Chicken and Mushroom Crêpes is an amazing recipe inspired by Julia Child. I used some of the leftover chicken from the Lemon Roast Chicken to make these Chicken and Mushroom Crêpes. Chris had the honor of making the actual crêpes. He does a superb job of flipping them in the air as they cook!
The recipe that I used is an adaptation of Julia Child’s Chicken and Mushroom Roulades on page 406 of The Way to Cook.
Ingredients for Filling for Chicken and Mushroom Crêpes
I used the following ingredients for the filling for the crêpes: Minced onion, sliced mushrooms, diced chicken, vermouth, chicken broth, salt and pepper.

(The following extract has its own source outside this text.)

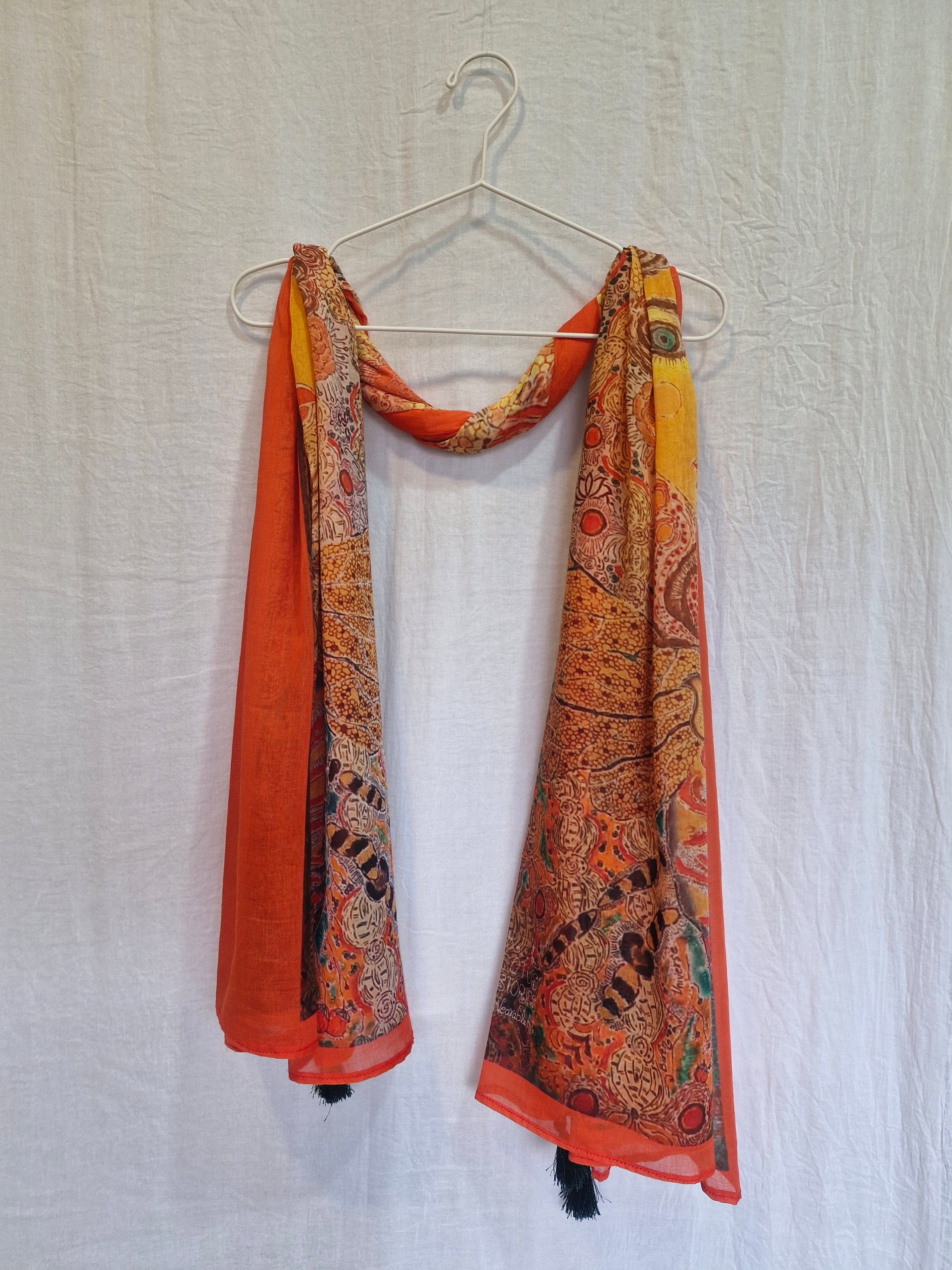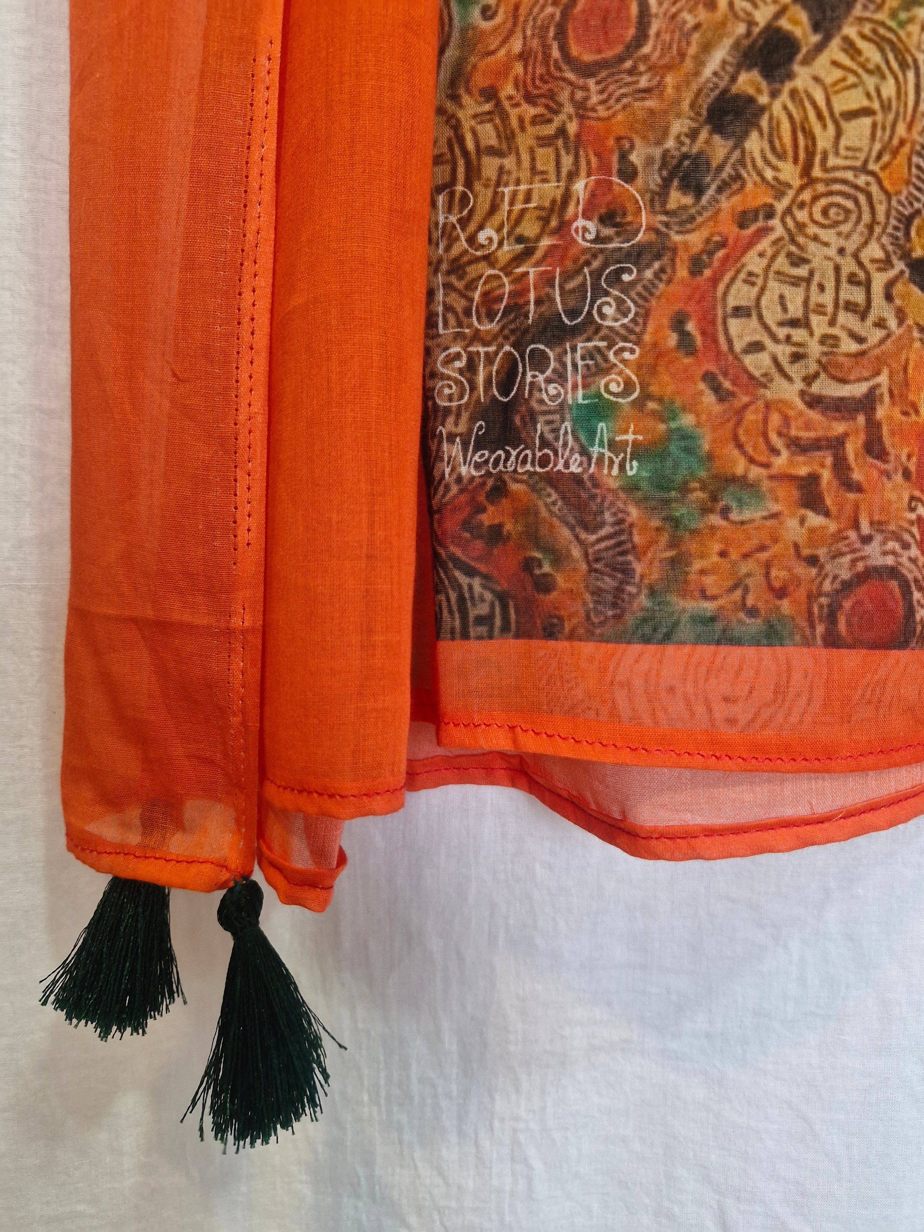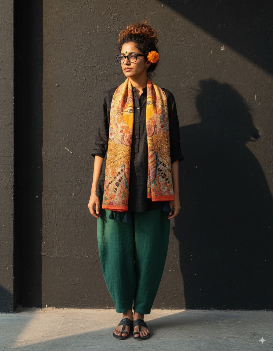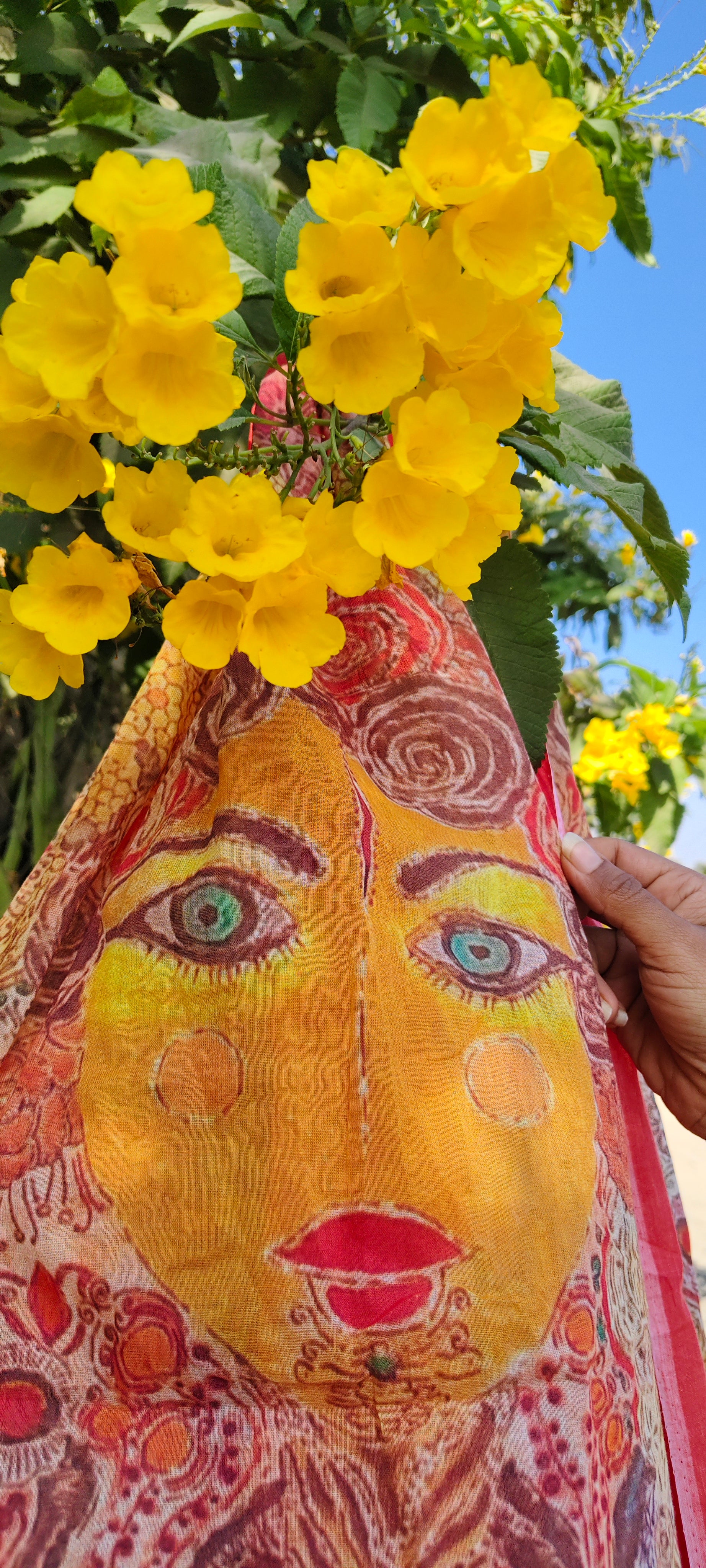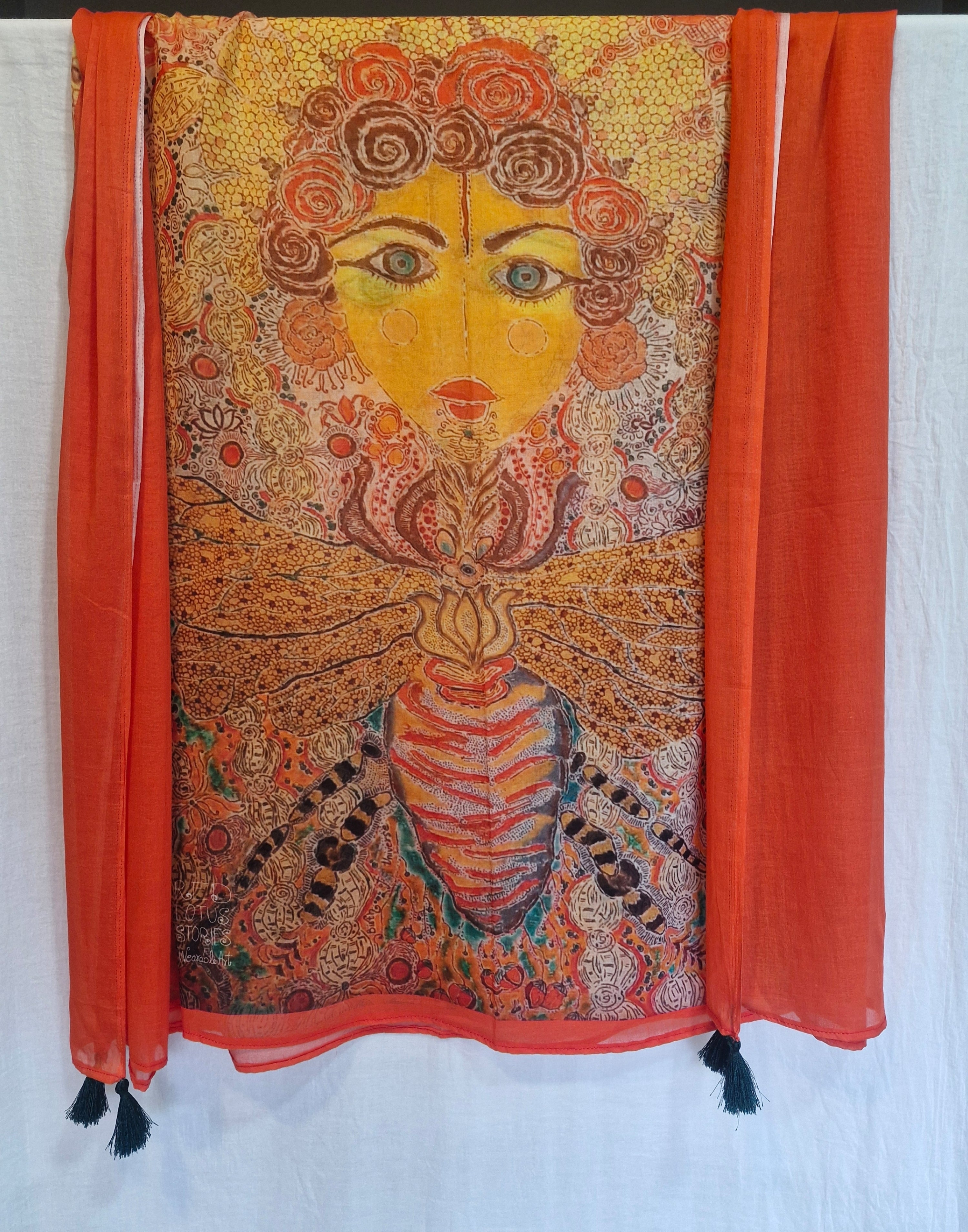 Honeybee Stole captures hand-painted fashion with expressive style—merging saree with t-shirt elegance and the artistic soul of Red Lotus Stories.

Making the Filling for Chicken and Mushroom Crêpes
I started by simmering the onions in the vermouth and chicken broth until they were tender. This took around 10 minutes. Then I added the mushrooms and continued the simmer the mixture for 2 minutes. After that, I added the chicken.
I thought that this was an interesting way to cook the onions, mushrooms and chicken since I typically sauté them in butter or olive oil. Anyway, I increased the heat to high and boiled the mixture rapidly until the liquid has almost evaporated. This took a minute or two. Finally, I added enough cheese sauce to bind all of the ingredients together. The cheese sauce is basically a white sauce with Swiss cheese melted in it.
Making the Crêpes
Once the filling was ready, Chris went to work making the crêpes and flipping them in the air.
I used the following ingredients for the crêpe batter: Flour, milk, egg, oil and a bit of sugar and a bit of salt. The key to good crêpes is a thin batter.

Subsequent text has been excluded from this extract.